Kelly et al. investigate several perception and usability improvements for VEs using a popular head mount display (HMD), the HTC Vive Virtual Reality Kit. In this study, an older HMD was also used for display comparison with Vive. Two VEs were also developed for testing. First, a high-quality replica of a real classroom and also an empty grass field were developed. The real-world classroom was also included for comparison testing with the replicated VE model.
The authors are working with the underperception of egocentric distance, such as blind walking, and this has been a major and persistent concern in the development of VEs. Egocentric distance is the distance (or perceived space) from observer to object within virtual reality. Other core judgments measured were verbal distance judgments and size judgments.
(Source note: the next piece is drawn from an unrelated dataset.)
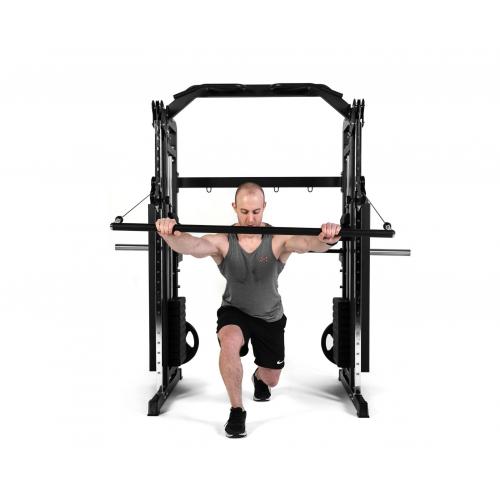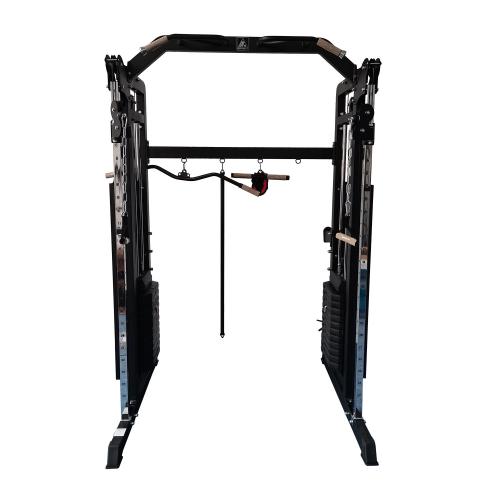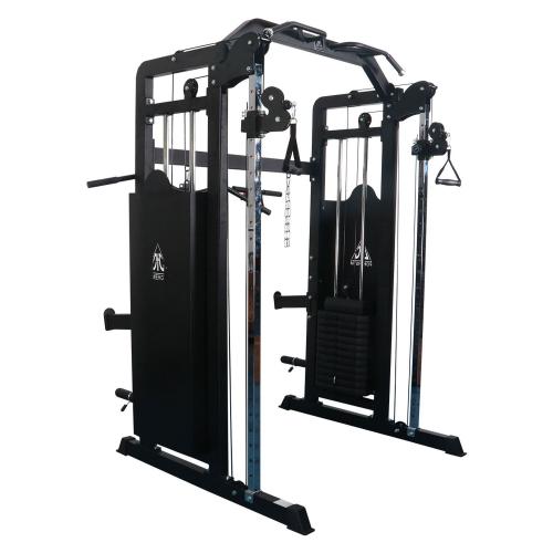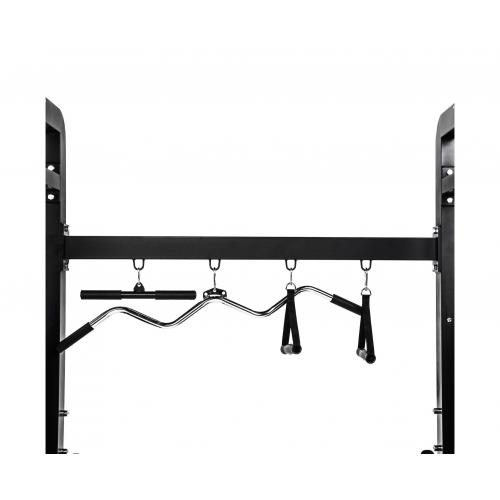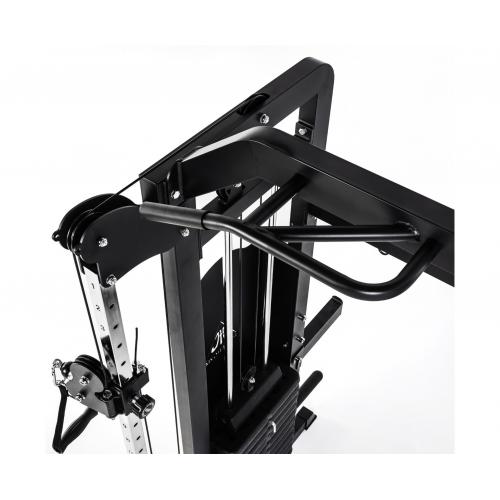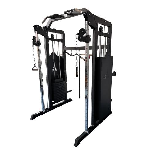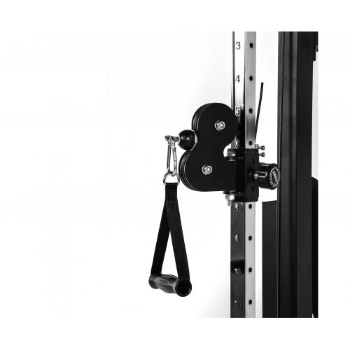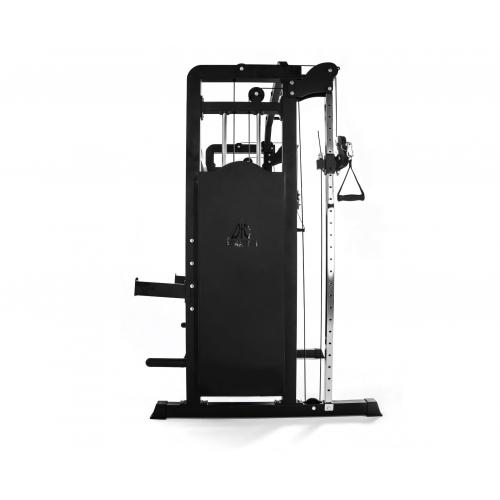 - Силовой тренажер (кроссовер) со встроенными весами. Позволяет отлично прорабатывать мышцы верхней части тела благодаря множеству упражнений. Каждый блок с роликами регулируется по высоте тренажера.

Other sections within the paper describe the procedure, analysis, and results. The discussion section presents key findings, reports the study, and provides a clear summary of the testing process. The results indicate that there were incremental improvements demonstrated by the HTV Vive headset, but not the older models. The authors explain that these improvements are expected to be a feature included with future headset technologies and are likely to render the problem of distance underperception, for example, as less important anyway. This is because improved technology in virtual reality (VR) and HDM displays are expected to facilitate and develop more accurate methods to work with judgments within perceived space.